Goal of the exercise:
Please return the lines from the one with "Albany 1-Light 6" through the end of the listing below, word for word, with every picture left out.
Start of Entries provided
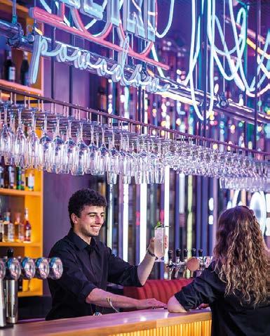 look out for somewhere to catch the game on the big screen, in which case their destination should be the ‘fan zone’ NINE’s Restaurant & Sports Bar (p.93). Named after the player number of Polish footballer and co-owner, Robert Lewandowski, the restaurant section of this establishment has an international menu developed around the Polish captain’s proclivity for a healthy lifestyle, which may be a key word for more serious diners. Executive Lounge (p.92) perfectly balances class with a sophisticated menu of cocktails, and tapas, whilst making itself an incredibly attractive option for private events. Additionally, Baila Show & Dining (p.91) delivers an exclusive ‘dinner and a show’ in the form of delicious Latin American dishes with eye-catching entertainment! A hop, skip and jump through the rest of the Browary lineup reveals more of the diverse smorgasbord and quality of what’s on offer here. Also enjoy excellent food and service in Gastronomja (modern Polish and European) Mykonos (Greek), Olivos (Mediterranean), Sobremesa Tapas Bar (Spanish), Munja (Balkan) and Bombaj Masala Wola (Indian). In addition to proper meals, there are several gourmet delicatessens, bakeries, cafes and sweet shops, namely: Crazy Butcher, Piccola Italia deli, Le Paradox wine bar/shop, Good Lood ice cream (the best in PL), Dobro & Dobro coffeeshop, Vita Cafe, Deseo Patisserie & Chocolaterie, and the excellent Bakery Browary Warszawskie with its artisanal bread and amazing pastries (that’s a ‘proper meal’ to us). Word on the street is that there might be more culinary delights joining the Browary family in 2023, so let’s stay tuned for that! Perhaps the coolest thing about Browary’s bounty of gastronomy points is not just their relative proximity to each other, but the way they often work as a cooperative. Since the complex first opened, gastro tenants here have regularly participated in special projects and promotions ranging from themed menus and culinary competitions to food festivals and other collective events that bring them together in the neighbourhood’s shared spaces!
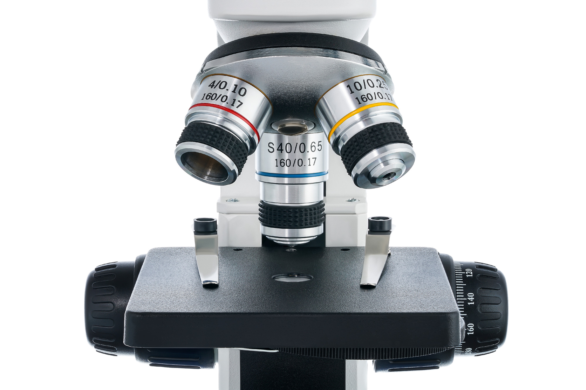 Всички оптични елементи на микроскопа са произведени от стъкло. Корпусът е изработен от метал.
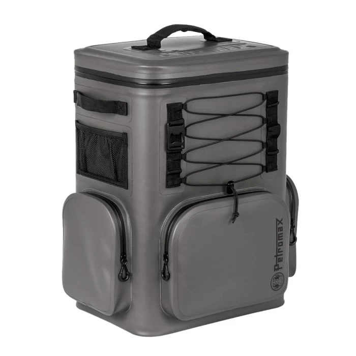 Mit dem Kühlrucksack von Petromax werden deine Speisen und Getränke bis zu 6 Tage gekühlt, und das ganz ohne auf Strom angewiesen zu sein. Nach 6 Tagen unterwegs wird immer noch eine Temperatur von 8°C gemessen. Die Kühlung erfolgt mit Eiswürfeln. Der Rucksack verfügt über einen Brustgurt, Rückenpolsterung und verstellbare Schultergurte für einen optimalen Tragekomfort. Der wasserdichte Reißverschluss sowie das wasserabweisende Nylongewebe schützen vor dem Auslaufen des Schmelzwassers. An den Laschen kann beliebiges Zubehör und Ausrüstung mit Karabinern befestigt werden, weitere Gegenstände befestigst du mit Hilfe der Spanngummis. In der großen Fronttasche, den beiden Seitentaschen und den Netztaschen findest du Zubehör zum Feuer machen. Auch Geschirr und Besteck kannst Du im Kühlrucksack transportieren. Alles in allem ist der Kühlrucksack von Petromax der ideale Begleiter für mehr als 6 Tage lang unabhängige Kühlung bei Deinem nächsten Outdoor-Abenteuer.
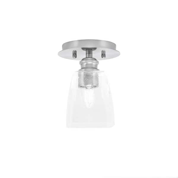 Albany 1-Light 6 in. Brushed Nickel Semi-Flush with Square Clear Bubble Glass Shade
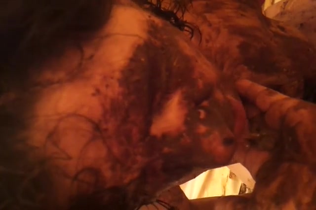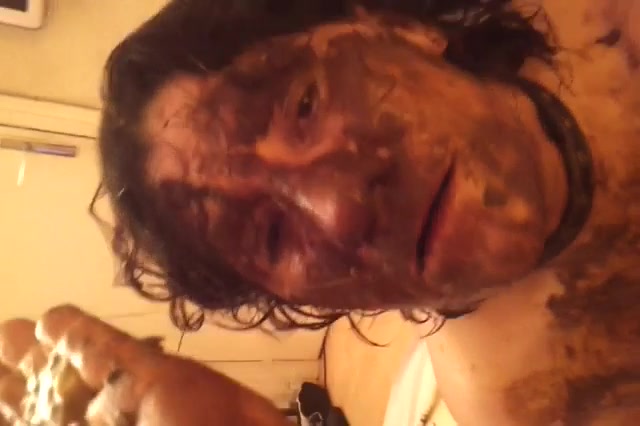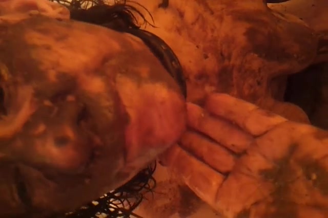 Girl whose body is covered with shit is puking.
End of Entries provided
Exercise output:
 Albany 1-Light 6 in. Brushed Nickel Semi-Flush with Square Clear Bubble Glass Shade
 Girl whose body is covered with shit is puking.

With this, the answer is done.